Who is going to the reunion?


----------



## eejack (Jul 14, 2012)

wrong site.


----------



## Phatstax (Feb 16, 2014)

I assume that means you will not be attending?


----------



## 99cents (Aug 20, 2012)

I'm confused. Did some old, over the hill, disbanded rock band announce an "I owe taxes" reunion tour?


----------



## partyman97_3 (Oct 11, 2009)

Can you explain a little bit, what reunion.


----------



## Batfink (Jul 9, 2014)

Is there free food and drinks at your family reunion? I think there is a few of us that may make it down for that! Thanks for the invite!:thumbup:


----------



## 99cents (Aug 20, 2012)

Some of these guys go to a family reunion to pick up women...


----------



## eejack (Jul 14, 2012)

Phatstax said:


> I assume that means you will not be attending?


Not my sort of crowd.


----------



## Phatstax (Feb 16, 2014)

I am talking about the 47th IBEW Reunion being held in Montgomery, TX. June 21-27, 2015. All the cool kids are gonna be there. Except for Eejack. I'll try to save a seat for you just in case.


----------



## sbrn33 (Mar 15, 2007)

I wanna go. This sounds super fun. Kinda funny having it in Texas.


----------



## wendon (Sep 27, 2010)

eejack said:


> Not my sort of crowd.


What do you have against these guys???


----------



## Phatstax (Feb 16, 2014)

All brothers and sisters are welcome to bring their families!
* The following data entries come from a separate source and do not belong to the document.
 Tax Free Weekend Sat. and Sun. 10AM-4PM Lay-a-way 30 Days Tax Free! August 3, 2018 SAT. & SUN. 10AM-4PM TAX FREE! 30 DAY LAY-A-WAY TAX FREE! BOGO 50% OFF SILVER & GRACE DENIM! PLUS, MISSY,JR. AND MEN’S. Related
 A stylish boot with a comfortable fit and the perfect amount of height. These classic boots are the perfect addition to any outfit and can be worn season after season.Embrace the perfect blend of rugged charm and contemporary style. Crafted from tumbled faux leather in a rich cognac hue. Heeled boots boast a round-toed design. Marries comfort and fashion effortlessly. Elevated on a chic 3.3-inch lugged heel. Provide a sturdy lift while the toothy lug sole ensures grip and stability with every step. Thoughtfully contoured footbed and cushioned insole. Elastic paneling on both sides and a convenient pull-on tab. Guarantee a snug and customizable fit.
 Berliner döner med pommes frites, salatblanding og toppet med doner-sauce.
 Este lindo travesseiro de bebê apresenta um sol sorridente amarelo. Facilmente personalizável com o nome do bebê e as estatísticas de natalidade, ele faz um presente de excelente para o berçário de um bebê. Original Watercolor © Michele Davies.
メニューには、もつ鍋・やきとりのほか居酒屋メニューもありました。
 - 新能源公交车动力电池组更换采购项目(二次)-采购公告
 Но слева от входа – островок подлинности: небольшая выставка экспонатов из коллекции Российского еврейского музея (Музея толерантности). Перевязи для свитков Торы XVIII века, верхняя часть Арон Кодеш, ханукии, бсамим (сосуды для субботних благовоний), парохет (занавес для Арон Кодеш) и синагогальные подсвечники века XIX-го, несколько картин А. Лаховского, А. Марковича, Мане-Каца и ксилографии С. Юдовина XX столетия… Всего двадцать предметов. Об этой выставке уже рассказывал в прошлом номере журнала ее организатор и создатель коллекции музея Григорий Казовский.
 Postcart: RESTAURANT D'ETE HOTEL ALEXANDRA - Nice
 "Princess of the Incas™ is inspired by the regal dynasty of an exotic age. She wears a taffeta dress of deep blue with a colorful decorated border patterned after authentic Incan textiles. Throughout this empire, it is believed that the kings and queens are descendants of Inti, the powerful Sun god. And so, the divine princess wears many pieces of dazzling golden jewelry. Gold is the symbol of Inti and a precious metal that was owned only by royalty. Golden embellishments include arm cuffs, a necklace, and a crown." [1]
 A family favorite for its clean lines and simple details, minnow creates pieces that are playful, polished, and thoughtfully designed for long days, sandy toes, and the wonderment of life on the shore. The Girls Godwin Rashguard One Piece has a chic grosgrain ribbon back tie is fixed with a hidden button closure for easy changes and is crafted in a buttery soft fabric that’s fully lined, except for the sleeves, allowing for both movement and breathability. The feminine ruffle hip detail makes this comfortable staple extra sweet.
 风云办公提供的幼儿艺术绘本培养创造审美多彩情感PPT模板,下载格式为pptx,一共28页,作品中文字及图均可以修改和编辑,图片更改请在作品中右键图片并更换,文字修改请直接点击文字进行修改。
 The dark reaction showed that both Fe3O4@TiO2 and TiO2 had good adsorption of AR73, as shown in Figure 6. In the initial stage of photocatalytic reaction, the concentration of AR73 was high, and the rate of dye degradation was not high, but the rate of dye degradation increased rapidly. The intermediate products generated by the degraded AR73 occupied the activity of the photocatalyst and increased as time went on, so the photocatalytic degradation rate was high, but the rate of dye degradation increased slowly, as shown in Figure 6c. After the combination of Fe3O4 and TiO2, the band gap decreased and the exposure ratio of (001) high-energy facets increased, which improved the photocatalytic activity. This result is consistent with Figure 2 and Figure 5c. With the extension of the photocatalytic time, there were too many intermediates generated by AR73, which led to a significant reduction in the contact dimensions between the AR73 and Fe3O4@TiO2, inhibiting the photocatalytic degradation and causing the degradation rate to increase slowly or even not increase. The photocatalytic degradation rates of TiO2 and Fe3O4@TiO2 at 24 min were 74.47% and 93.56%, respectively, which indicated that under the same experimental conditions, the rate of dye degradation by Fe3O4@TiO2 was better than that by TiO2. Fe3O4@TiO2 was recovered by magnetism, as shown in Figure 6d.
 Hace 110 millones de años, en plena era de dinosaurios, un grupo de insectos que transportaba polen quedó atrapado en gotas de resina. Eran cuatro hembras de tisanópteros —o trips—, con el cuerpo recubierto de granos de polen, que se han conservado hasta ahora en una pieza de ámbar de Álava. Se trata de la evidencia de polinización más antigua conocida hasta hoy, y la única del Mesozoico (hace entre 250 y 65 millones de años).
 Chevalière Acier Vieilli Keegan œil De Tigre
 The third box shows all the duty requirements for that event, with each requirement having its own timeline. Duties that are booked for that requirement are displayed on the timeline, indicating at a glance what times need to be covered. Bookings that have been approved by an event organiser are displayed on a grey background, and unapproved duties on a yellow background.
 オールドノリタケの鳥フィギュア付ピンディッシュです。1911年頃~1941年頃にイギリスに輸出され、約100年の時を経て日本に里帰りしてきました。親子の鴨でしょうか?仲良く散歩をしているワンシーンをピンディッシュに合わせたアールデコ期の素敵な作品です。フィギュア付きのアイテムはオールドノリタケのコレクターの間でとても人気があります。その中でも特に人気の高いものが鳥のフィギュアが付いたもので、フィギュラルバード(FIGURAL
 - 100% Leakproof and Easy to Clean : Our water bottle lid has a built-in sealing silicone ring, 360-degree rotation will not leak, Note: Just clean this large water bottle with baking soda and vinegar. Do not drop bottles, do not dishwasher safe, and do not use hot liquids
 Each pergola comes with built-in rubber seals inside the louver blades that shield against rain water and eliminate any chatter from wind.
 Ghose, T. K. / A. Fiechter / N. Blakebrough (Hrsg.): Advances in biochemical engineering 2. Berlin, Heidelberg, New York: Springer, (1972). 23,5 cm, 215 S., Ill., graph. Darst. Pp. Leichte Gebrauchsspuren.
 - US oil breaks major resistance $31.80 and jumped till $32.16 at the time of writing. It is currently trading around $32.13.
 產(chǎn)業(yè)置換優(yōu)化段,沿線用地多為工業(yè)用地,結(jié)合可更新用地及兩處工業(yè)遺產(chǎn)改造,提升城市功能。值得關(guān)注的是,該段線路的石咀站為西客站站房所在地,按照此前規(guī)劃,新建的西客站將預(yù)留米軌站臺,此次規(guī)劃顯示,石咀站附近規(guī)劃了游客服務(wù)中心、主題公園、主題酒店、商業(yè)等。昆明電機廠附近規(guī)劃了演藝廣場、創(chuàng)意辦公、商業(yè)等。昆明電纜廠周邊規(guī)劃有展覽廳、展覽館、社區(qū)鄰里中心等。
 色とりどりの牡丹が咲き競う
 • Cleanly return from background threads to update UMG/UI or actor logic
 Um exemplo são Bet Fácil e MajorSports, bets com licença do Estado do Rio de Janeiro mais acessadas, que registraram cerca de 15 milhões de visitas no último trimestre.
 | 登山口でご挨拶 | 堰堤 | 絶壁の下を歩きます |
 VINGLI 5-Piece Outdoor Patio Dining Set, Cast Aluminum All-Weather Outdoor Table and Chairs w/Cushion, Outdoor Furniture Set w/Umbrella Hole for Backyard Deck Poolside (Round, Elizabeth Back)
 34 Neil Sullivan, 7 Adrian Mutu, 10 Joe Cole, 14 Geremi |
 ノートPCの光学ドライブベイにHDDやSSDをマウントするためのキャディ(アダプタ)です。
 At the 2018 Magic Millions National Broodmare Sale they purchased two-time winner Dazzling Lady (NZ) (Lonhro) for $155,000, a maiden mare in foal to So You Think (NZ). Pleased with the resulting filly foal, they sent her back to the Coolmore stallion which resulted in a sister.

You are guaranteed to meet some wonderful people!


----------



## eejack (Jul 14, 2012)

Phatstax said:


> I am talking about the 47th IBEW Reunion being held in Montgomery, TX. June 21-27, 2015. All the cool kids are gonna be there. Except for Eejack. I'll try to save a seat for you just in case.


Thanks for the kind thought but me and the left hand crowd don't see eye to eye.


----------



## Phatstax (Feb 16, 2014)

Understood. Please remember you are always welcome to come, as all of our brothers and sisters, and their families are too!


----------



## Cl906um (Jul 21, 2012)

I thought the reunion was kinda a flea thing. Last time I was asked to hang out I ended up on the outside. Was kinda weird for me. Asked to hang, but on the outside. Awkward for sure.


----------



## Cl906um (Jul 21, 2012)

sbrn33 said:


> I wanna go. This sounds super fun. Kinda funny having it in Texas.


I never took you for a unionized person


----------



## Cl906um (Jul 21, 2012)

Phatstax said:


> I am talking about the 47th IBEW Reunion being held in Montgomery, TX. June 21-27, 2015. All the cool kids are gonna be there. Except for Eejack. I'll try to save a seat for you just in case.


Fun loving electricians. Never got the thumb bumping mentality. Keep ibew working by screwing things up? That's not right.


----------



## Phatstax (Feb 16, 2014)

The reunion is for all members of the IBEW and their families. Everyone is welcome. As far as that other stuff, I don't know enough about it to speak on the subject.


----------